No picture belongs in the answer, which must hold exactly the lines from the one with "Серьезный афроамериканский парень" through the final line below.

#### Input data:
--- START ---
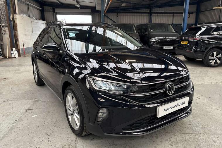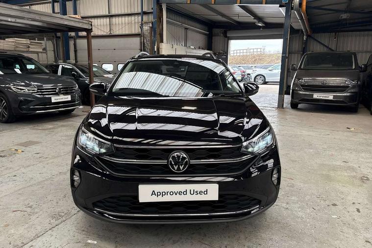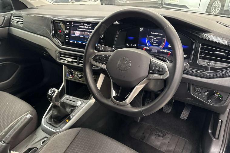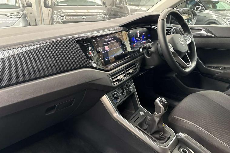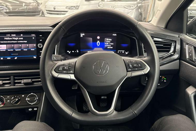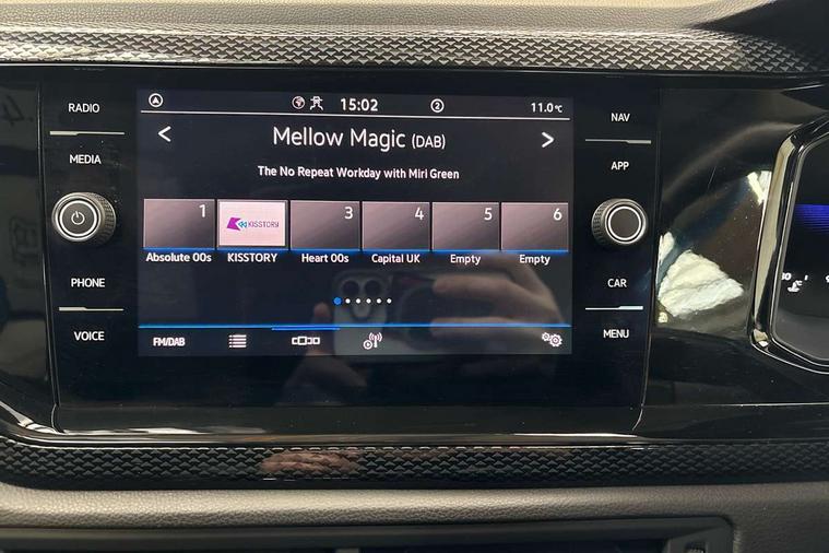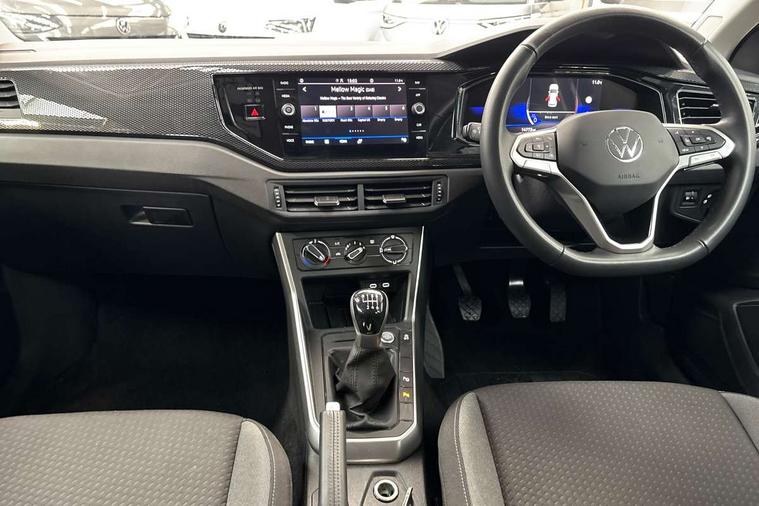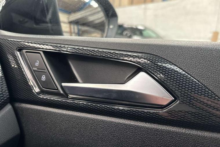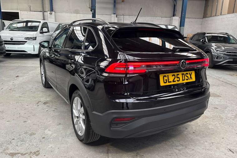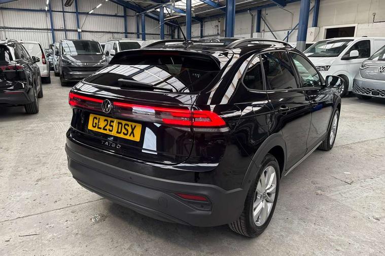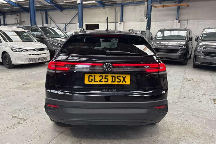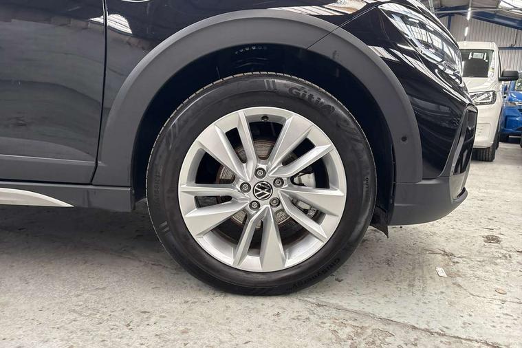 Advanced driver attention and drowsiness monitor, Dynamic road sign display, e-Call (emergency call), Power Steering, Predictive adaptive cruise control, Rear view camera, Travel assist including emergency assist, Washer fluid level indicator, Wireless Charging including Bluetooth, Start-stop system with battery regeneration (recuperation - energy recovery during braking), WeConnect plus, Ambient lighting with logo projection, Aspherical driver's exterior mirror, Body coloured bumpers, Body coloured exterior mirror housings and door handles, Electric windows, External USB type C socket and charging sockets, Heat insulating glass windscreen, LED rear combination lamp, LED third brake light, Left convex exterior mirror, Power folding adjustable/heated exterior mirrors and front passenger exterior mirror lowering function, Rear fog light on one side, reversing light on both sides, Rear side wing doors, Rear wash/wipe with intermittent wipe setting, Side windows in heat-insulating glass, from B-pillar and rear window dark tinted, 'Slash/ Austin' Cloth upholstery, 12V socket in centre console, 2 front reading lights, 3 rear head restraints, 3 seat bench in 2nd row, Black carpets, Ceramique headliner, Child seat anchor for child seat system i-Size, 2x top tether and child seat anchor in front on front passenger side, Door and side trim panels in titan black, Driver and front passenger seat height adjustment, Front centre armrest, Handbrake lever handle in leather, Height and reach adjustable steering wheel, Leather trimmed gear knob, Leather wrapped multifunction steering wheel, Luggage compartment floor, Luggage compartment light, Lumbar support for driver's and front passengers seat, Seat covers in titanium black, Single front passenger seat, Split folding backrest with centre armrest and unsplit rear seat bench, Storage compartment under front seats, Sun visors with illuminated vanity mirrors, Titanium black instrument panel, Chrome Package - Taigo, Drivers assistance package - Taigo, Light and sight pack - Taigo, 2 x 3-point seatbelts/outer rear seats with ECE label, 3-point seat belts in front with pretensioner and height adjustment, 3-point seatbelt for centre rear seat, Driver and front passenger airbag with front passenger airbag deactivation, Driver and front passenger safety-optimised head restraints, Electronic stability control, Extended and predictive pedestrian/ cyclist protection, Front and rear disc brakes, Front curtain and side airbags with center airbag, Hill start assist, Manual rear child locks, Single tone horn, Tyre pressure loss indicator, Anti-theft alarm system with interior monitoring, backup horn, and towing protection, Keyless locking and starting system keyless access with safelock, Black (slush) Dashboard, Lava stone black gloss/matt decorative inserts in dash and front door panels, Low rolling resistance tyres,
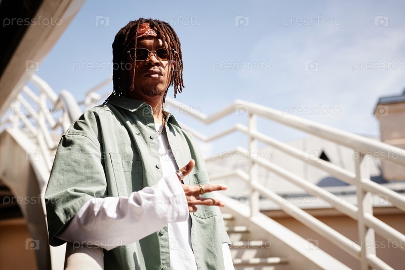 Серьезный афроамериканский парень в солнцезащитных очках и стильной повседневной одежде
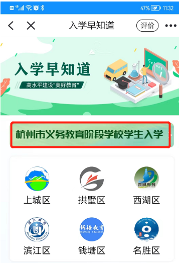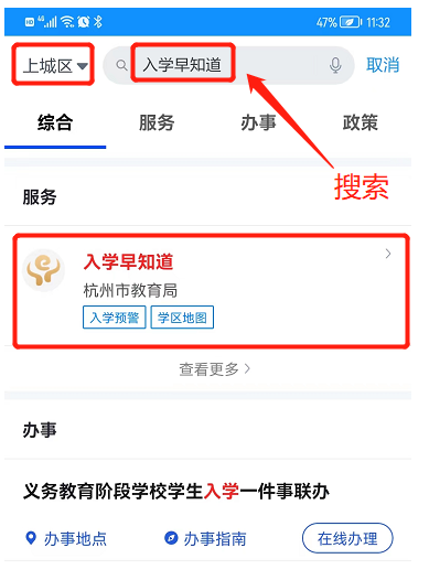 也可输入“入学早知道”关键词搜索——进入“入学早知道”——点击“杭州市义务教育阶段学校学生入学”——进入杭州市义务教育入学报名服务。
--- END ---
#### Exercise result:
 Серьезный афроамериканский парень в солнцезащитных очках и стильной повседневной одежде
 也可输入“入学早知道”关键词搜索——进入“入学早知道”——点击“杭州市义务教育阶段学校学生入学”——进入杭州市义务教育入学报名服务。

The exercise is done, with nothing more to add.